(Excerpted records)
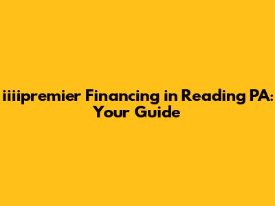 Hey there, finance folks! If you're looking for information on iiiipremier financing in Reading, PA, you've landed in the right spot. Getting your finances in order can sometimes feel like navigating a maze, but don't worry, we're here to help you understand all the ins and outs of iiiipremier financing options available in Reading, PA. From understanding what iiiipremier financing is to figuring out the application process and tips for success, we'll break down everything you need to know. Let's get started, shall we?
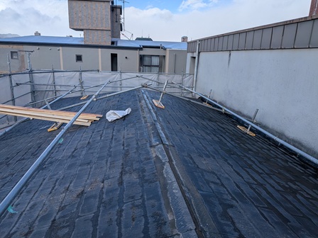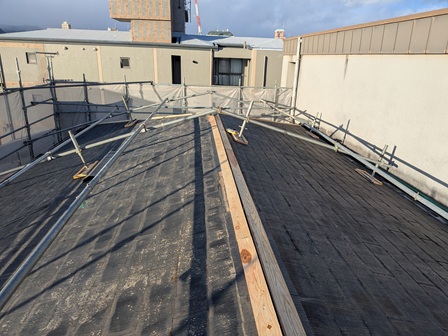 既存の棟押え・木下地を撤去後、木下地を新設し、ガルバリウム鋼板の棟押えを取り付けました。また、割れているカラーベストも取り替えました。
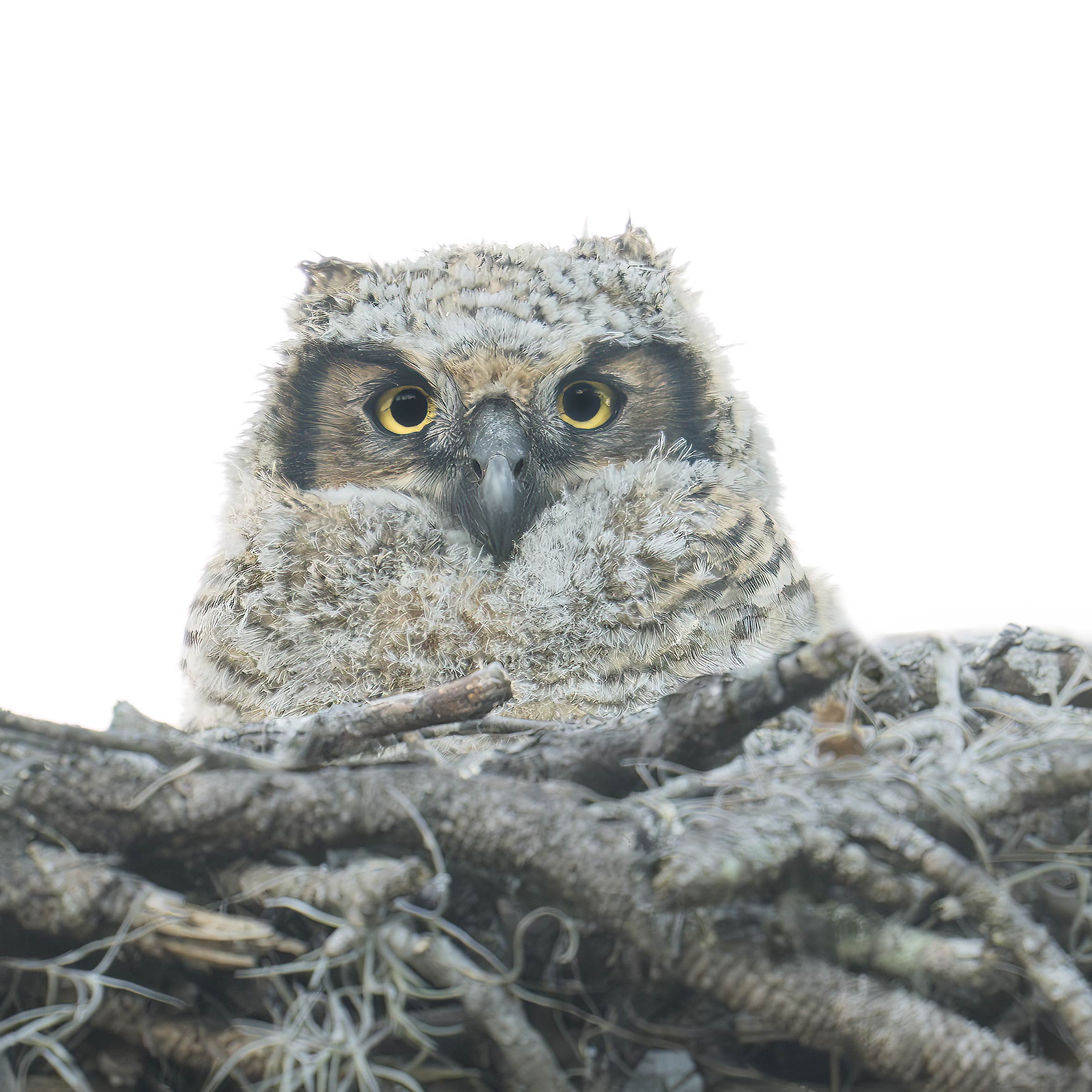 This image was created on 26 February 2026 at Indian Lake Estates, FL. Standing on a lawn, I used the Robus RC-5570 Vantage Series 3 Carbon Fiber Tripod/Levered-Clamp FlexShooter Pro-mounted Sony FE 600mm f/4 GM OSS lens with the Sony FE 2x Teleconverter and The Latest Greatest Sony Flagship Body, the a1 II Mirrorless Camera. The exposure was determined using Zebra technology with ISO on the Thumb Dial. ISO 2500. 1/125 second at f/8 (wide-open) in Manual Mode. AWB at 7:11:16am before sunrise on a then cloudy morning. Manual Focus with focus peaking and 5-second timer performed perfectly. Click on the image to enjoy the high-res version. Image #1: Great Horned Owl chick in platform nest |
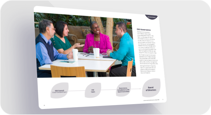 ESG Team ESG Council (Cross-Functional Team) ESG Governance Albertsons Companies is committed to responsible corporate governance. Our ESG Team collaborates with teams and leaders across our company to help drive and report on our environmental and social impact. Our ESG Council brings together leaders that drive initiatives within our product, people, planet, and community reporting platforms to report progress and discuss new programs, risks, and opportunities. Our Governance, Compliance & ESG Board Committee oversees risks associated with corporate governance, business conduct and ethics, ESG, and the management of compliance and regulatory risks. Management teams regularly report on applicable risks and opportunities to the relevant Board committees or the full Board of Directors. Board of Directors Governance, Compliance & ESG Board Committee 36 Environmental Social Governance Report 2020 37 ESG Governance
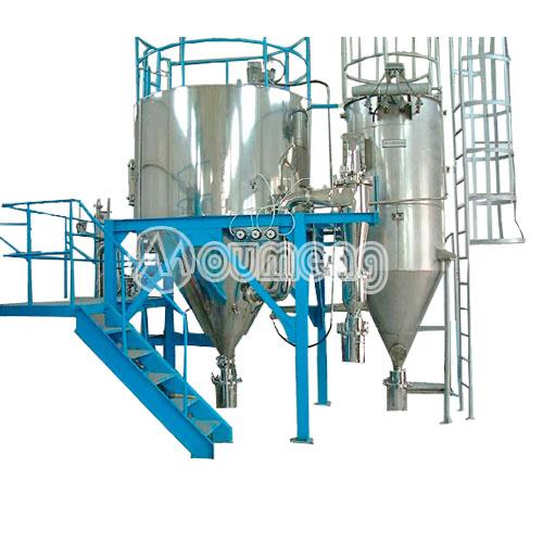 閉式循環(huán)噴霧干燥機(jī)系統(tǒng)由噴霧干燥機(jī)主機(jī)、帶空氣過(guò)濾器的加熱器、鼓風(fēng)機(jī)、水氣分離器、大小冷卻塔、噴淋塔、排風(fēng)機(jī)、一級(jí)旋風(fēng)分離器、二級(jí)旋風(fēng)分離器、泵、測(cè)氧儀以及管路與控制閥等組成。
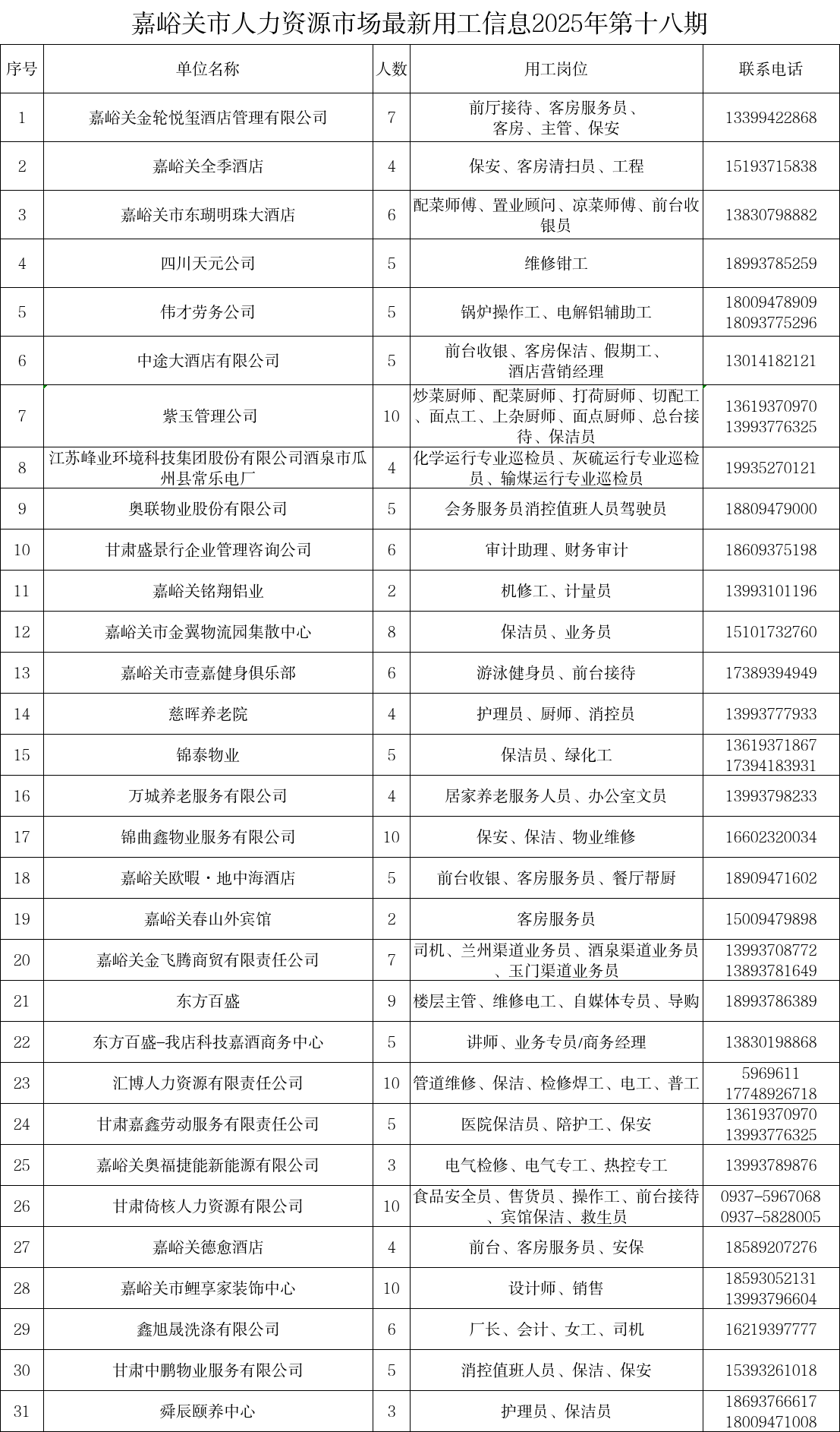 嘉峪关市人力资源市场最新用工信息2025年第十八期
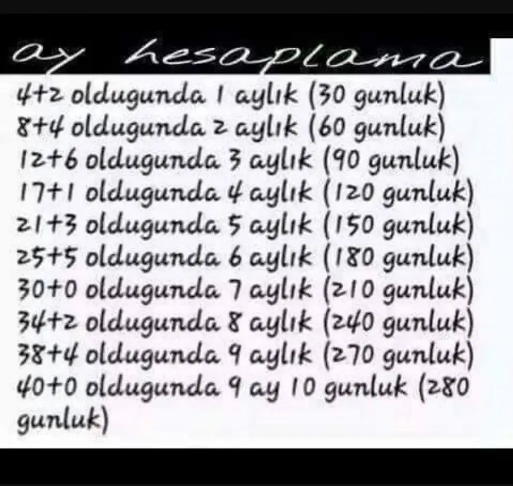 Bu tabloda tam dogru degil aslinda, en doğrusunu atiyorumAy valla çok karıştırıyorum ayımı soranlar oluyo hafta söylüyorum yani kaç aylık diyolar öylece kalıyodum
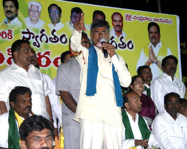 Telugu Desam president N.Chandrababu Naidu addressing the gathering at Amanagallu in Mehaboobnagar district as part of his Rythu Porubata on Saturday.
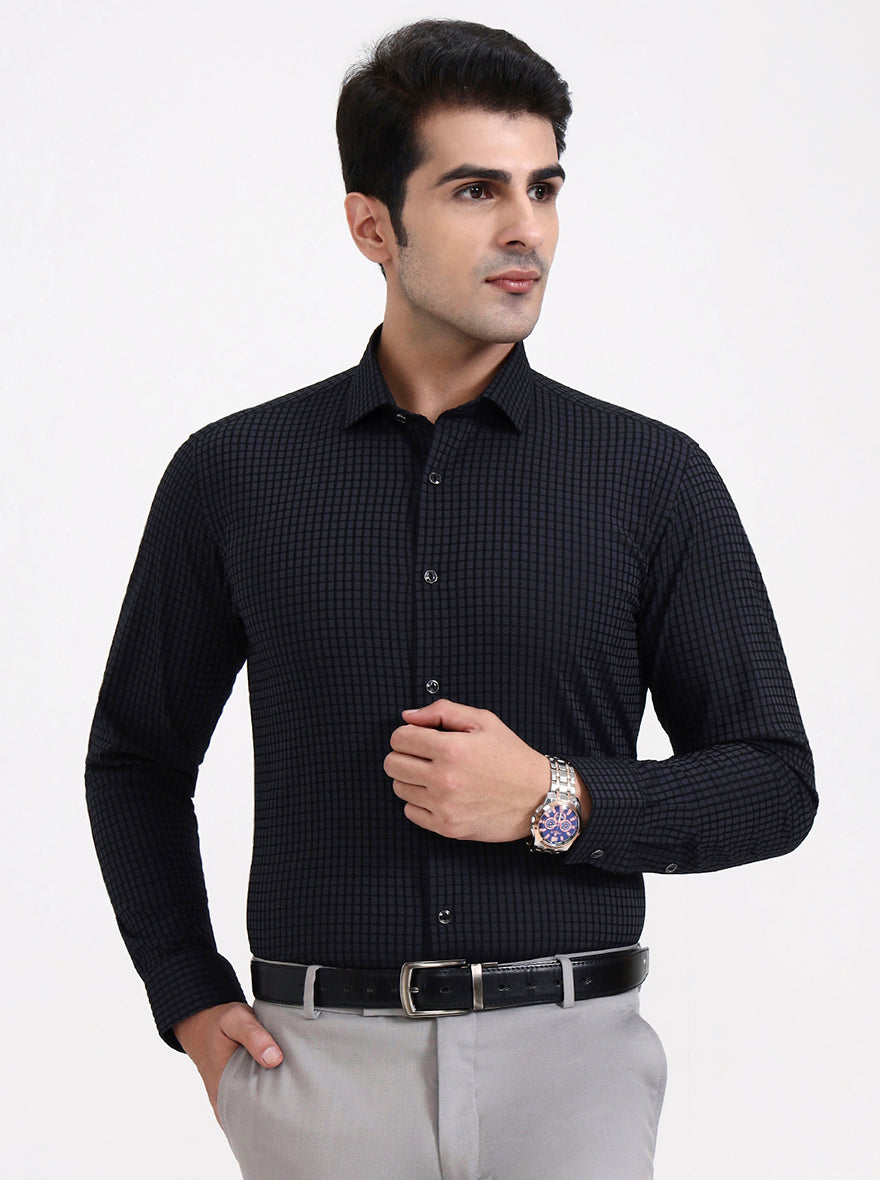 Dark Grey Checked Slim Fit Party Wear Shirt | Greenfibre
(End Excerpted records)
Problem description: Apart from the pictures, every line above must be printed exactly.

Written response:
 Hey there, finance folks! If you're looking for information on iiiipremier financing in Reading, PA, you've landed in the right spot. Getting your finances in order can sometimes feel like navigating a maze, but don't worry, we're here to help you understand all the ins and outs of iiiipremier financing options available in Reading, PA. From understanding what iiiipremier financing is to figuring out the application process and tips for success, we'll break down everything you need to know. Let's get started, shall we?
 既存の棟押え・木下地を撤去後、木下地を新設し、ガルバリウム鋼板の棟押えを取り付けました。また、割れているカラーベストも取り替えました。
 This image was created on 26 February 2026 at Indian Lake Estates, FL. Standing on a lawn, I used the Robus RC-5570 Vantage Series 3 Carbon Fiber Tripod/Levered-Clamp FlexShooter Pro-mounted Sony FE 600mm f/4 GM OSS lens with the Sony FE 2x Teleconverter and The Latest Greatest Sony Flagship Body, the a1 II Mirrorless Camera. The exposure was determined using Zebra technology with ISO on the Thumb Dial. ISO 2500. 1/125 second at f/8 (wide-open) in Manual Mode. AWB at 7:11:16am before sunrise on a then cloudy morning. Manual Focus with focus peaking and 5-second timer performed perfectly. Click on the image to enjoy the high-res version. Image #1: Great Horned Owl chick in platform nest |
 ESG Team ESG Council (Cross-Functional Team) ESG Governance Albertsons Companies is committed to responsible corporate governance. Our ESG Team collaborates with teams and leaders across our company to help drive and report on our environmental and social impact. Our ESG Council brings together leaders that drive initiatives within our product, people, planet, and community reporting platforms to report progress and discuss new programs, risks, and opportunities. Our Governance, Compliance & ESG Board Committee oversees risks associated with corporate governance, business conduct and ethics, ESG, and the management of compliance and regulatory risks. Management teams regularly report on applicable risks and opportunities to the relevant Board committees or the full Board of Directors. Board of Directors Governance, Compliance & ESG Board Committee 36 Environmental Social Governance Report 2020 37 ESG Governance
 閉式循環(huán)噴霧干燥機(jī)系統(tǒng)由噴霧干燥機(jī)主機(jī)、帶空氣過(guò)濾器的加熱器、鼓風(fēng)機(jī)、水氣分離器、大小冷卻塔、噴淋塔、排風(fēng)機(jī)、一級(jí)旋風(fēng)分離器、二級(jí)旋風(fēng)分離器、泵、測(cè)氧儀以及管路與控制閥等組成。
 嘉峪关市人力资源市场最新用工信息2025年第十八期
 Bu tabloda tam dogru degil aslinda, en doğrusunu atiyorumAy valla çok karıştırıyorum ayımı soranlar oluyo hafta söylüyorum yani kaç aylık diyolar öylece kalıyodum
 Telugu Desam president N.Chandrababu Naidu addressing the gathering at Amanagallu in Mehaboobnagar district as part of his Rythu Porubata on Saturday.
 Dark Grey Checked Slim Fit Party Wear Shirt | Greenfibre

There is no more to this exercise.